> [Extracted material]
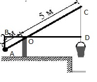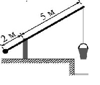 На рисунке изображён колодец с «журавлём». Короткое плечо имеет длину 2 м, а длинное плечо — 5 м. На сколько метров опустится конец длинного плеча, когда конец короткого поднимется на 1 м?
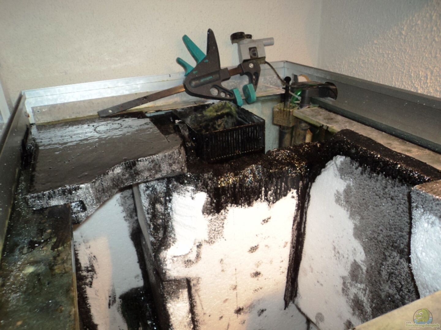Erst mal zu dem Felsen. Der Felsen ist aus 5 Tonröhren gebaut und steht auf einer 1, 5 cm dicken Plexiglasplatte. Die Ma??e sind b. ca. 40 cm x 40 cm, h. ca. 45 cm. Der Felsen ist mit Aquariumsilikon zusammen geklebt, dann mit Fliesenkleber überzogen. Für die Befestigung der Pflanzen habe ich Edelstahlband mit eingearbeitet wo denn die Pflanzen mit Angelschur festgebunden werden. Der Felsen ist dann mit 3 Schichten Epoxidharz versiegelt. In der Reinfolge hellgrau ??? dunkelgrau & schwarz. [...]
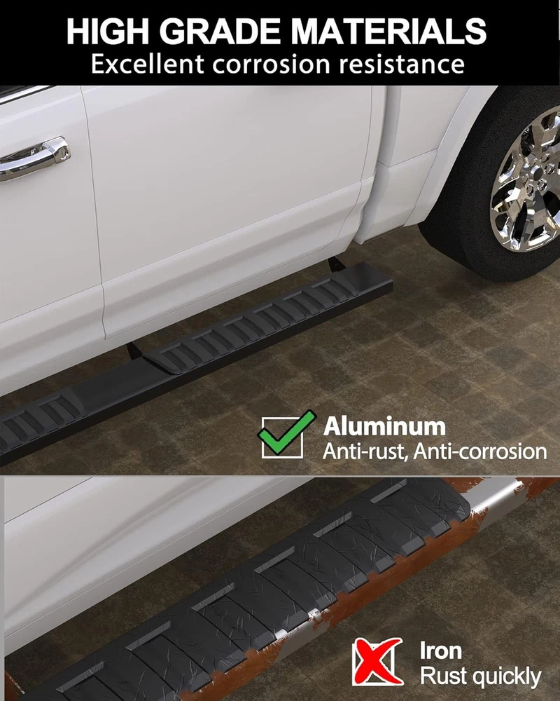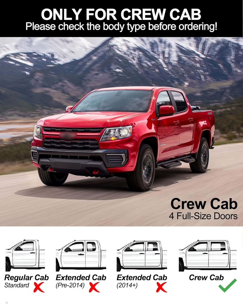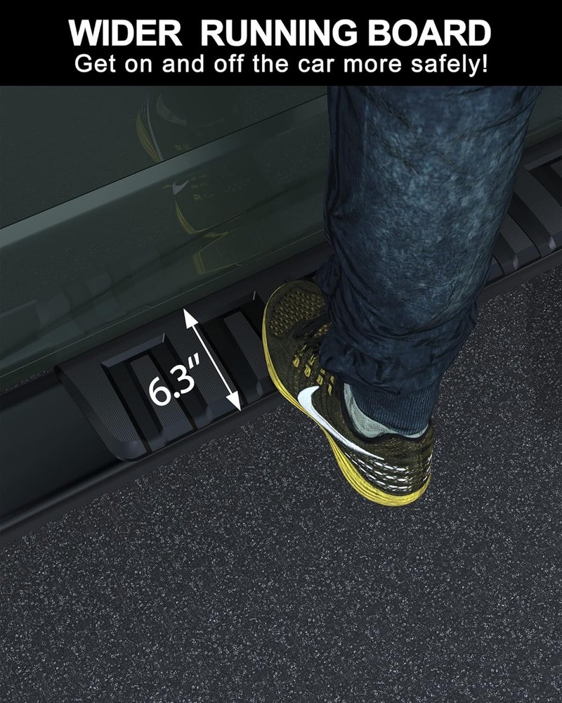 These running boards are a perfect addition to my Chevy Colorado! The sleek black aluminum looks great and feels sturdy. The non-slip pads make stepping in and out easy, even in bad weather. Installation was straightforward, and they fit like they were made for my truck. Love the textured stainless steel skirt—adds a rugged yet polished look. Highly recommend for anyone wanting both style and functionality!
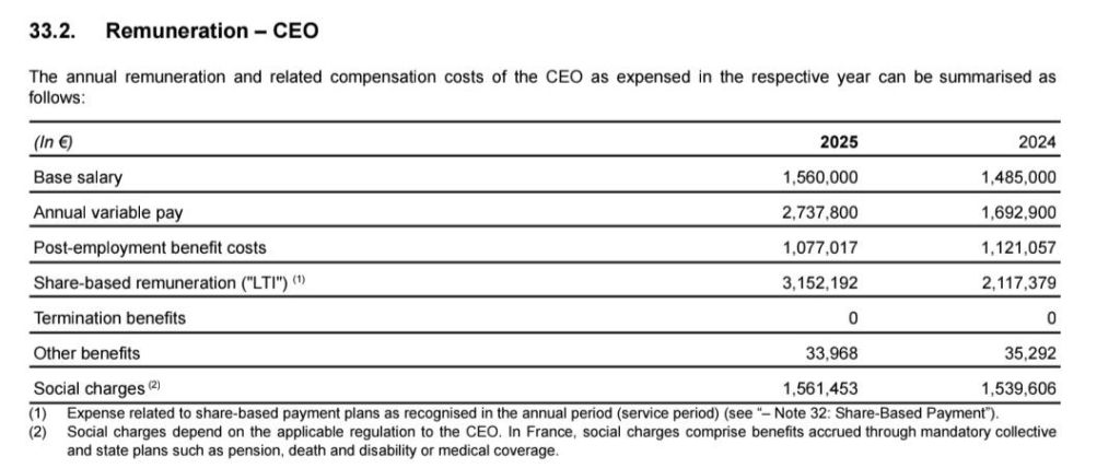 Faury had his base salary frozen in relation to 2024 at 1.485M€ (which is lower than Enders’ one at 1.5 M€ in 2017). Variable pay decreased in 13% to 1.69M€, post-employment benefit costs increased, as did share-based remuneration and social charges. In comparison to 2017, the main changes are the following two: 1) that there are no “Termination benefits” in 2024 while in 2017 Enders had announced his departure in 2019, thus the concept included 2.9M€, and 2) the exponential increase of social charges, 1.5M€ in 2024 vs 12k€ in 2017. Thus, the overall compensation at 7.99M€ increased vs 2023 but is below 2017 level (9.1 M€).
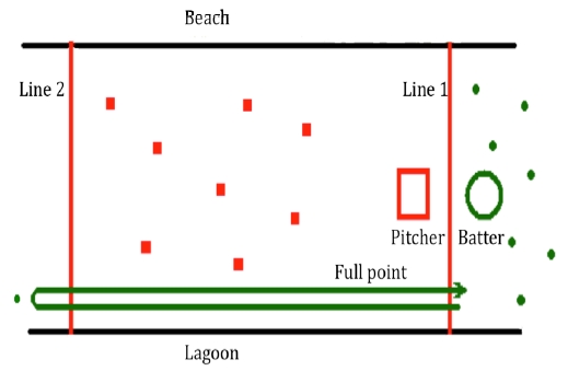 Поле для игры представляет собой прямоугольник. В его пределах находится команда защиты, а за одной из сторон — команда атаки. Один из защитников подбрасывает мяч бьющему из атаки, и если тот отбил, он может попробовать добежать до противоположной линии. И если он потом сможет вернуться — его команда получит очки. Часто после удара бьющие не начинают пробежку, а отходят в сторону и ждут подходящего момента, чтобы совершить групповую перебежку.
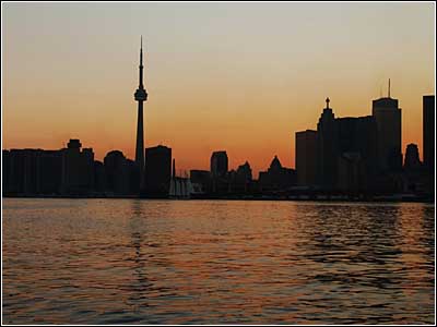 August 14, 2003 — The Toronto skyline is seen in darkness against the setting sun during the masive power outtage Thursday. Photo by Peter J Thompson/National Post
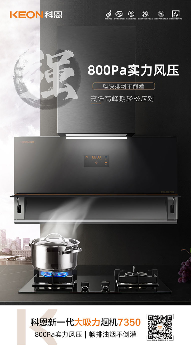 集成灶十大品牌、廚電行業(yè)十大品牌科恩新一代大吸力煙機(jī)7350即將上市,今天就跟隨小編一起,解鎖7350煙機(jī)獨(dú)特魅力。
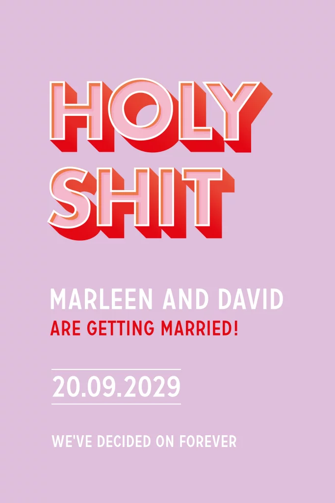 Kleurrijke typografische trouwkaart holy shit
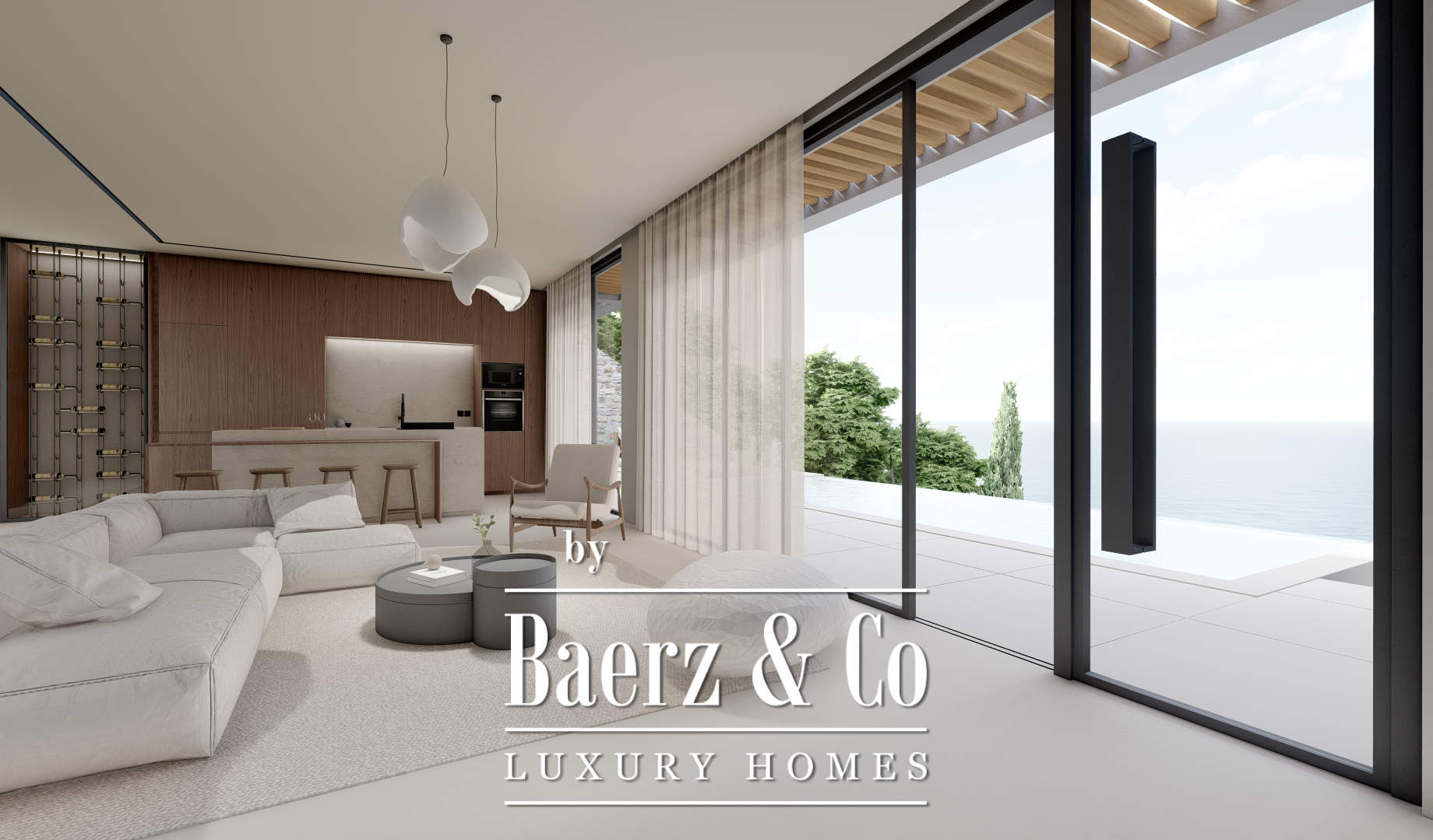 Gelegen op een perceel van 1.000 m², biedt de villa een totale woonoppervlakte van 180 m². Elke van de drie slaapkamers beschikt over een eigen badkamer en een inloopkast, wat privacy en comfort in balans brengt. Riante glaspartijen halen het zeezicht naar binnen in de open leefruimte, aangevuld met een slimme, volledig uitgeruste keuken en een aparte wijnkelder. Buiten wonen krijgt vorm naast een infinity zoutwaterzwembad, jacuzzi en een stenen terras met buitenhaard, allemaal op het Ionische uitzicht georiënteerd. Mediterrane beplanting en sfeervolle verlichting creëren rustige avonden, terwijl een buitendouche het zomerse gemak versterkt.

> [Exercise instructions]
Both ends included, copy word for word the lines from the top of the entries above through the line with "Faury had his". No pictures.

> [Reply]
 На рисунке изображён колодец с «журавлём». Короткое плечо имеет длину 2 м, а длинное плечо — 5 м. На сколько метров опустится конец длинного плеча, когда конец короткого поднимется на 1 м?
Erst mal zu dem Felsen. Der Felsen ist aus 5 Tonröhren gebaut und steht auf einer 1, 5 cm dicken Plexiglasplatte. Die Ma??e sind b. ca. 40 cm x 40 cm, h. ca. 45 cm. Der Felsen ist mit Aquariumsilikon zusammen geklebt, dann mit Fliesenkleber überzogen. Für die Befestigung der Pflanzen habe ich Edelstahlband mit eingearbeitet wo denn die Pflanzen mit Angelschur festgebunden werden. Der Felsen ist dann mit 3 Schichten Epoxidharz versiegelt. In der Reinfolge hellgrau ??? dunkelgrau & schwarz. [...]
 These running boards are a perfect addition to my Chevy Colorado! The sleek black aluminum looks great and feels sturdy. The non-slip pads make stepping in and out easy, even in bad weather. Installation was straightforward, and they fit like they were made for my truck. Love the textured stainless steel skirt—adds a rugged yet polished look. Highly recommend for anyone wanting both style and functionality!
 Faury had his base salary frozen in relation to 2024 at 1.485M€ (which is lower than Enders’ one at 1.5 M€ in 2017). Variable pay decreased in 13% to 1.69M€, post-employment benefit costs increased, as did share-based remuneration and social charges. In comparison to 2017, the main changes are the following two: 1) that there are no “Termination benefits” in 2024 while in 2017 Enders had announced his departure in 2019, thus the concept included 2.9M€, and 2) the exponential increase of social charges, 1.5M€ in 2024 vs 12k€ in 2017. Thus, the overall compensation at 7.99M€ increased vs 2023 but is below 2017 level (9.1 M€).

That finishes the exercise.